The approaching holidays could be something you’re dreading if you are newly separated or divorced. Struggling with a “new normal” is difficult enough without having to tackle holidays like Thanksgiving, Christmas, Hanukkah, and New Year’s Eve and the attached memories these holidays bring. However, holidays happen whether we’re ready or not, so the best way you can deal with them is to develop new coping strategies:
Be positive. Remember the joyful anticipation you had as a child when the holidays were approaching? Try to recapture some of that joy by resolving to maintain a positive attitude, both for yourself and your children.
Begin planning now. If you have finalized your divorce, your divorce decree probably already spells out the details of where the children will be spending each holiday. But that’s not the end of the story. You can avoid undue stress by planning ahead and being flexible. For example, if your children will be with your ex on Christmas Day, plan a fun celebration with them the day before or the day after.
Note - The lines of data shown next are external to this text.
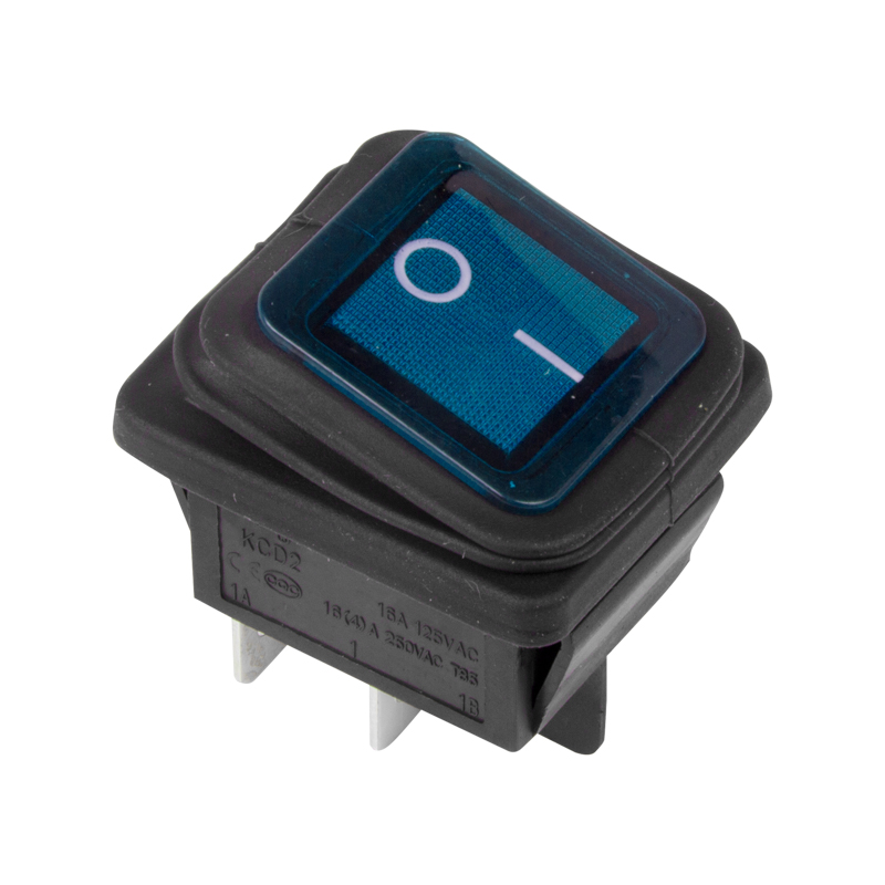 Выключатель клавишный 250V 15А (4с) ON-OFF синий с подсветкой ВЛАГОЗАЩИТА REXANT | код 36-2361 | REXANT
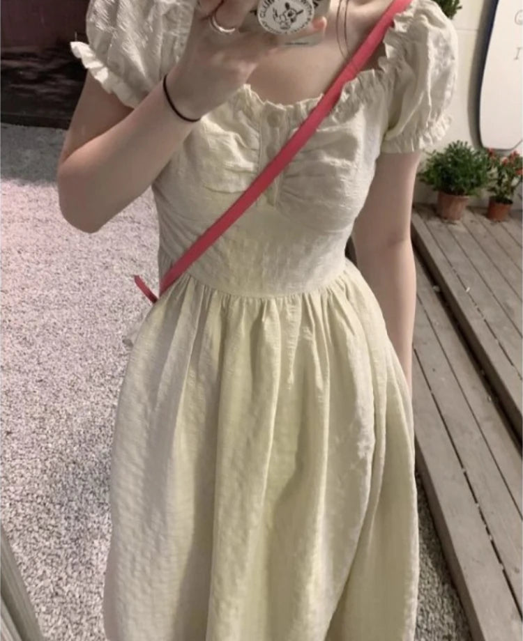 Hnewly Woman Dress Puff Short Sleeve Square Collar Ruffles Patchwork Sweet Elegant Fashion Princess Female Casual Dresses
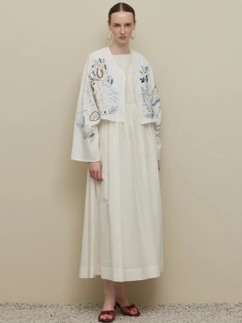 طقم جاكيت كيمونو مطرز باللون الأبيض
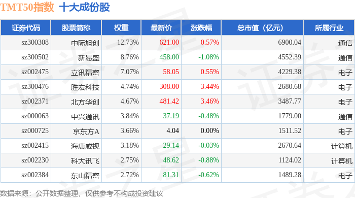近10日内TMT50(399610)指数成份股做了调整,新纳入了2只股票,剔除了2只股票。

Work together with your ex to schedule a time during the holiday itself when you can talk or video chat with your kids without disrupting their time with the other parent. Then plan something you can look forward to on the 25th for yourself — celebrating with other family members or friends, or simply treating yourself to activities that make you happy.
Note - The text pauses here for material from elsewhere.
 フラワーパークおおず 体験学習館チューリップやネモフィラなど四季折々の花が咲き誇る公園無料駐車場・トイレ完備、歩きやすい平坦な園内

Change things up. Even if you are alone for a holiday, you don’t have to be lonely. Instead of indulging in thoughts of the past, take this as an opportunity to celebrate the way you choose by doing something you’ve always wanted to do.
Develop new traditions. No matter where you are in your divorce journey, it can be difficult to say goodbye to past traditions and start making new ones. But it can be done, and may even turn out better than you ever thought it would. For example, if you’ve had to compromise on the traditions you grew up with to make room for your ex’s holiday rituals, now you don’t have to! Children are fascinated by their parents’ histories, so try developing new traditions around how you celebrated growing up. If you’ll be without your children, host a gathering of similarly situated friends or family members.
As with many things in life, your attitude will dictate whether you enjoy or dread the upcoming holiday season. With a little imagination and a willingness to change, you can look forward to new ways to celebrate your new life.